Motorik halus: membangun menara tiga sampai empat kotak, membalik halaman dalam buku, dua atau tiga lembar, dalam menggambar membuat tekanan sesuai tiruan, mengatur sendok tanpa memutar, menyusun dua atau leih kotak menyerupai kereta, dalam menggambar meniru tekanan vertical dan melingkar, menekan bel pintu. Vokalisasi: mengatakan sepuluh kata atau lebih, menunjukkan objek umum, seperti sepatu atau bola, dan dua atau tiga bagian tubuh, mempunyai pembendaharaan kata kira-kira 30 kata, menggunakan dua sampai tiga kata untuk kalimat, menggunakan kata ganti saya, aku, dan kamu, memahami perintah langsung, mengungkapkan kebutuhan untuk toiletin, makan atau minum, bicara dengan tidak terputus-putus.
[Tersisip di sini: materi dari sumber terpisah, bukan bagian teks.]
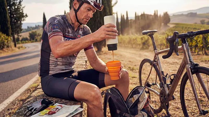 "Post-ride fuel or post-hike chill — hot espresso to power up, iced coffee to cool down"

Sosialisasi: mengatur sendok dengan baik, melepaskan sarung tangan, kaus kaki, dan sepatu serta resleting, mulai sadar kepemilikan, mendorong orang untuk menunjukkan sesuatu pada mereka, peningkatan kemandirian dari ibu, berpakaian sendiri dengan pakaian sendiri. 2) Dari 2 sampai 3 tahun Motorik Kasar: melompat dengan kedua kaki, melompat dari kursi atau melangkah, berdiri sebentar pada langkah pada ujung ibu jari kaki, melempar bola dari atas dengan tangan. Motorik Halus: membangun menara delapan kotak, menambahkan lubang asap pada kereta dari kotak, koordinasi jari baik, memegang krayon dengan jari bukan menggenggamnya, menggerakan jari secara mandiri, mengenali 4 gambardengan namanya, menggambarkan penggunaan dua benda, menyalin

gambar lingkaran, mengenal empat warna, berpakaian tanpa bantuan, menyiapkan semangkuk sereal, manggambarkan penggunaan dua benda, mengenakan kaos oblong. Vokalisasi: memberikan nama pertama dan nama akhir, menggunakan kata jamak, menyebutkan satu warna, mengenal seorang teman dengan sebuah nama, melakukan percakapan dengan dua atau tiga kalimat, menggunakan kata depan, meggunakan dua kata sifat. Sosialisasi: dipisahkan dari ibu dengan lebih mudah, dalam bermain, membantu menyingkirkan sesuatu, dapat membawa barang pecah belah, mendorong dengan kendali yang baik, mulai mengakui perbedaan jenis kelamin sendiri, dapat memenuhi kebutuhan ke toilet tanpa bantuan kecuali membersihkan daerah anal nya, dan dapat mencuci dan mengeringkan tangan nya sendiri.